§ **Task details**:
Once "В коллекции представлены" turns up in a line below, reproduce that line and those after it exactly, stopping after the line with "Uimavaippa kierrätettyä materiaalia"; leave pictures out.

#### Supplied records

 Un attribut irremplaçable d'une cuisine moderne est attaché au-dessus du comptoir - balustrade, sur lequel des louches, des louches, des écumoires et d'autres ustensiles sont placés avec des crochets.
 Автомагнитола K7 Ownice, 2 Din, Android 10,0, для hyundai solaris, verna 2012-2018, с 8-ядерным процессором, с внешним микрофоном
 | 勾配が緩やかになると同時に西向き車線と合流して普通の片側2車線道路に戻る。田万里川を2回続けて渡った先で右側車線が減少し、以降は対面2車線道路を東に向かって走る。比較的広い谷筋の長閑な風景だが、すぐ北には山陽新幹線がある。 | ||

########
#### Supplied records

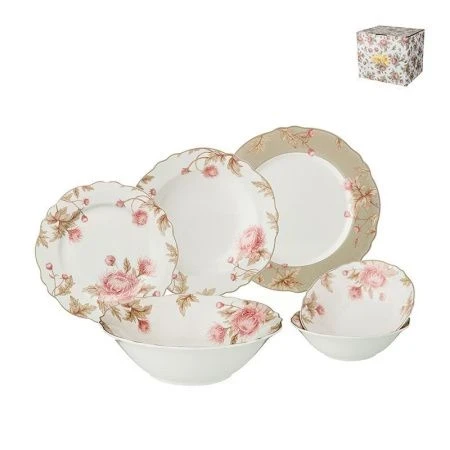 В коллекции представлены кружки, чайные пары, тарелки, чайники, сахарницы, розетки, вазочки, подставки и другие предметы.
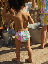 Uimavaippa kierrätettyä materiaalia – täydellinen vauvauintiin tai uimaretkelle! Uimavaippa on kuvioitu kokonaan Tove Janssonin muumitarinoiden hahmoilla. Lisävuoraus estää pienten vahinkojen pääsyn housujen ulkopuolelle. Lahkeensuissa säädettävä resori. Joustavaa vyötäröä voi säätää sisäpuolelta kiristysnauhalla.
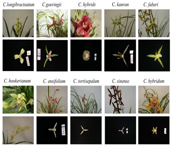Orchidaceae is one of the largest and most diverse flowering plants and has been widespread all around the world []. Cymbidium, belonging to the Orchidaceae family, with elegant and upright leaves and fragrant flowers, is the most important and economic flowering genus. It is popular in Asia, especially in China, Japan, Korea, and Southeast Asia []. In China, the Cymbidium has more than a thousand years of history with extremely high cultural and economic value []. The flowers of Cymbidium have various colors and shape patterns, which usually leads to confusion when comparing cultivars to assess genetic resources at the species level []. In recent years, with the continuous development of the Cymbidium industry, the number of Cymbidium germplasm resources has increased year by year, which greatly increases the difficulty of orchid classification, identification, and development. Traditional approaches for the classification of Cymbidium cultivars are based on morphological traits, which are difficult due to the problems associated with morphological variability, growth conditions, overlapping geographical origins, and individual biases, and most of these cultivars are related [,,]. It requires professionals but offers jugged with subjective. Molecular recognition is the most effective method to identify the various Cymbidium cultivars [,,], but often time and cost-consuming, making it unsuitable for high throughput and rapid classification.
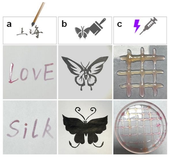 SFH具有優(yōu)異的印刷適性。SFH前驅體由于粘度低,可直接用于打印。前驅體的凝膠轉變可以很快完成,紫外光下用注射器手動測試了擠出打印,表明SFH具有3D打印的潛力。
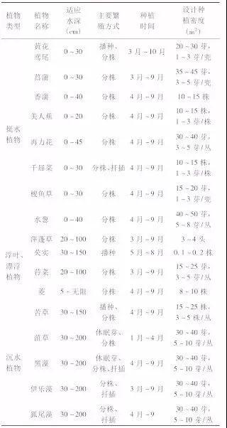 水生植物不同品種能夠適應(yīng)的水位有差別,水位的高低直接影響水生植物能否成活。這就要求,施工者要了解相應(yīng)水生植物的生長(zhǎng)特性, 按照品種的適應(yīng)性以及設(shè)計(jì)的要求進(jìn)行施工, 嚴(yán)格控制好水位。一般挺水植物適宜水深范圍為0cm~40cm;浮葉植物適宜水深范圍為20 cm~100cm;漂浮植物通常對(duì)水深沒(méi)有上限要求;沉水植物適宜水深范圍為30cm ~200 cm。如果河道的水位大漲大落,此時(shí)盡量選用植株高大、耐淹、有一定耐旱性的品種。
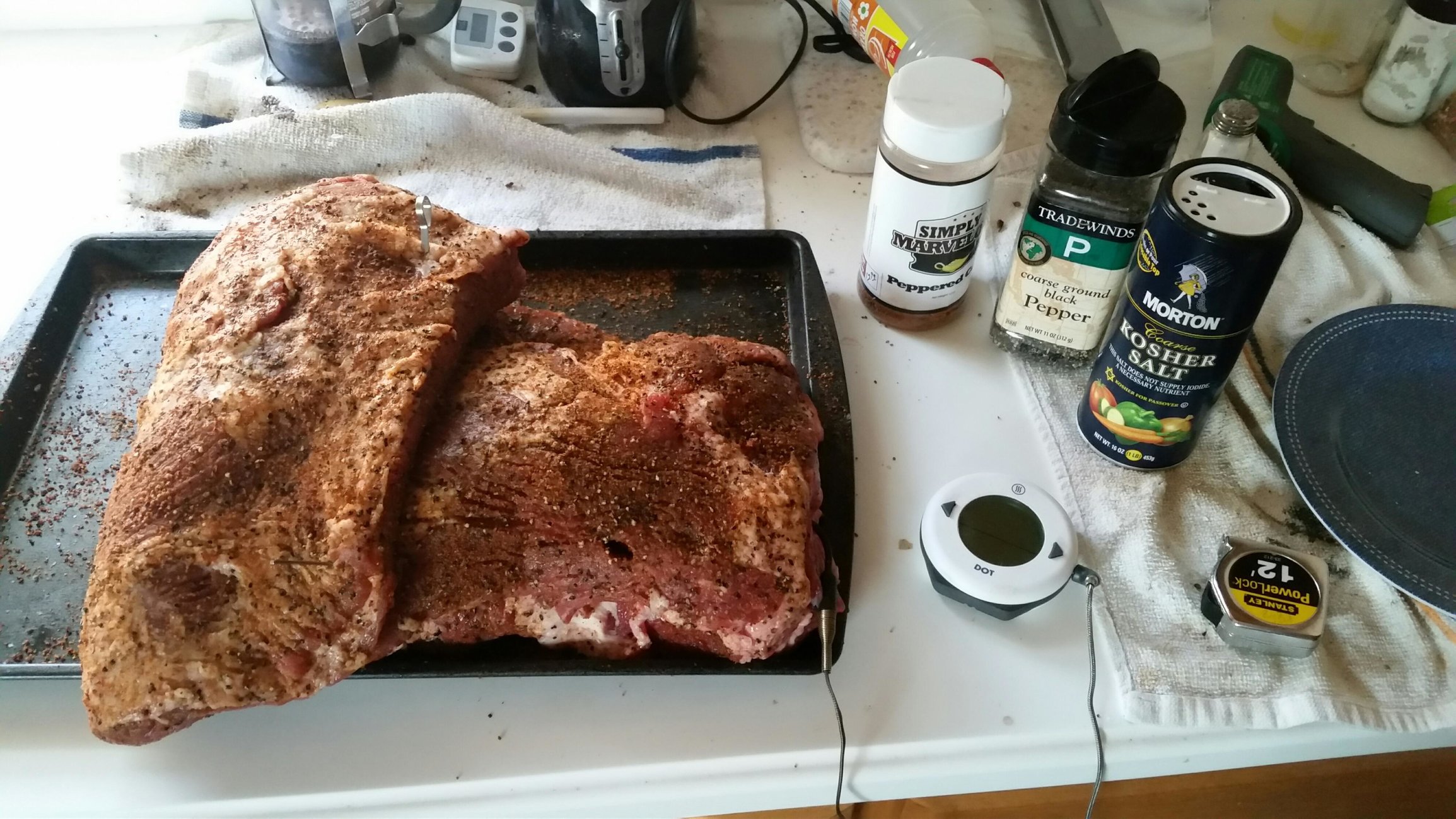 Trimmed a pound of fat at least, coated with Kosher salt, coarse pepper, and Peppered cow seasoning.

########
#### Supplied records

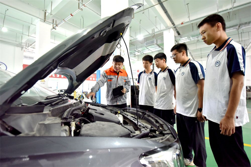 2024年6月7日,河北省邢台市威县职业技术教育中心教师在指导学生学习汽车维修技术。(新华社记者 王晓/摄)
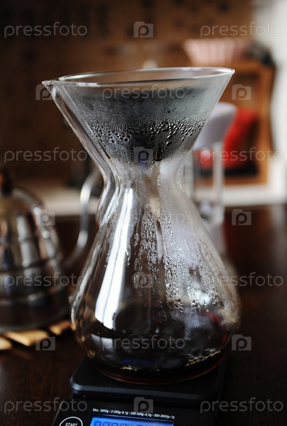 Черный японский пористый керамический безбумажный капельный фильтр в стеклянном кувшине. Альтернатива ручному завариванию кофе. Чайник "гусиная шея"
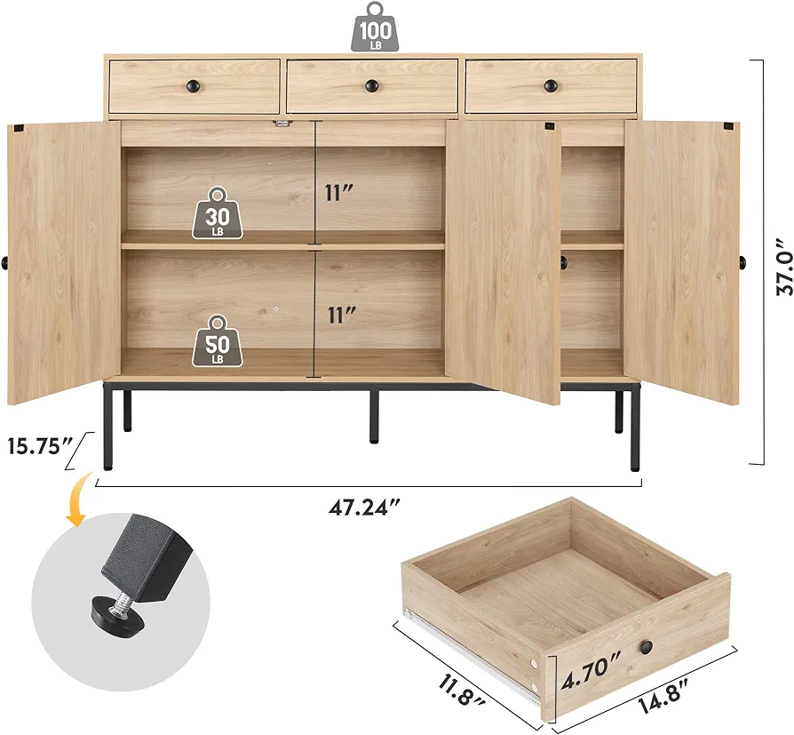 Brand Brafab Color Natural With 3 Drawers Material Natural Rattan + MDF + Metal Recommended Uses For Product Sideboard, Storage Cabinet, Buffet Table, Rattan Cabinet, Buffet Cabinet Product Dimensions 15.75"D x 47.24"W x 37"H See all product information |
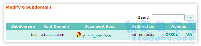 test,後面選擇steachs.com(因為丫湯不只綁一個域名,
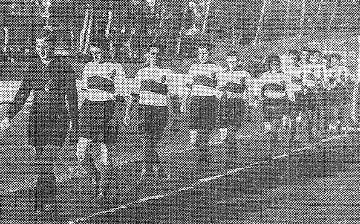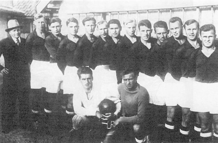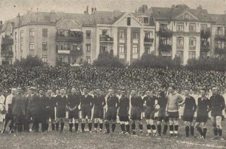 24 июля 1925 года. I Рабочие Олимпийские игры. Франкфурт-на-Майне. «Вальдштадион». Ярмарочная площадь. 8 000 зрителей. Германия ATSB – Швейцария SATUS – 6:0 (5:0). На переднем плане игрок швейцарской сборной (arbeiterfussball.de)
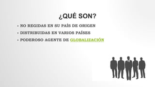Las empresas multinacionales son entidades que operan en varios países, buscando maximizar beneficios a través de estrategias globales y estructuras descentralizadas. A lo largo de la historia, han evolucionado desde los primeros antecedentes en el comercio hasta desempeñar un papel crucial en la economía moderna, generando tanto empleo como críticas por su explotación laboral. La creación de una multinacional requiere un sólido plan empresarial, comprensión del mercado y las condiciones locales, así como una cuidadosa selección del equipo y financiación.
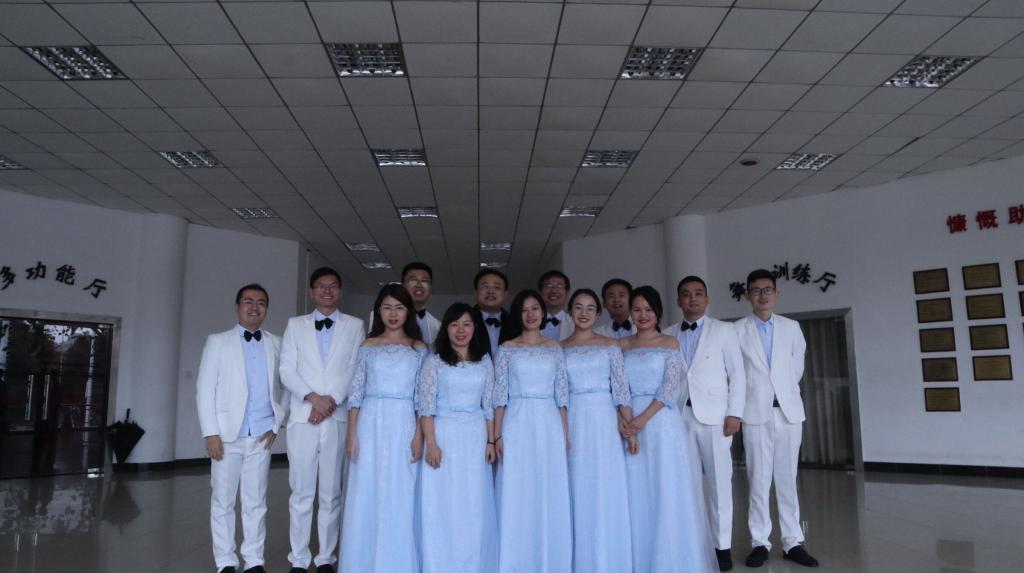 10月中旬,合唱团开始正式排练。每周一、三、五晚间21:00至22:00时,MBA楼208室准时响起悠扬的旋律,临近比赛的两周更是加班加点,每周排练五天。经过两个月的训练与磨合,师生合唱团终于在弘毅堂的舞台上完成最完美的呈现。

########

§ **Result**:
 В коллекции представлены кружки, чайные пары, тарелки, чайники, сахарницы, розетки, вазочки, подставки и другие предметы.
 Uimavaippa kierrätettyä materiaalia – täydellinen vauvauintiin tai uimaretkelle! Uimavaippa on kuvioitu kokonaan Tove Janssonin muumitarinoiden hahmoilla. Lisävuoraus estää pienten vahinkojen pääsyn housujen ulkopuolelle. Lahkeensuissa säädettävä resori. Joustavaa vyötäröä voi säätää sisäpuolelta kiristysnauhalla.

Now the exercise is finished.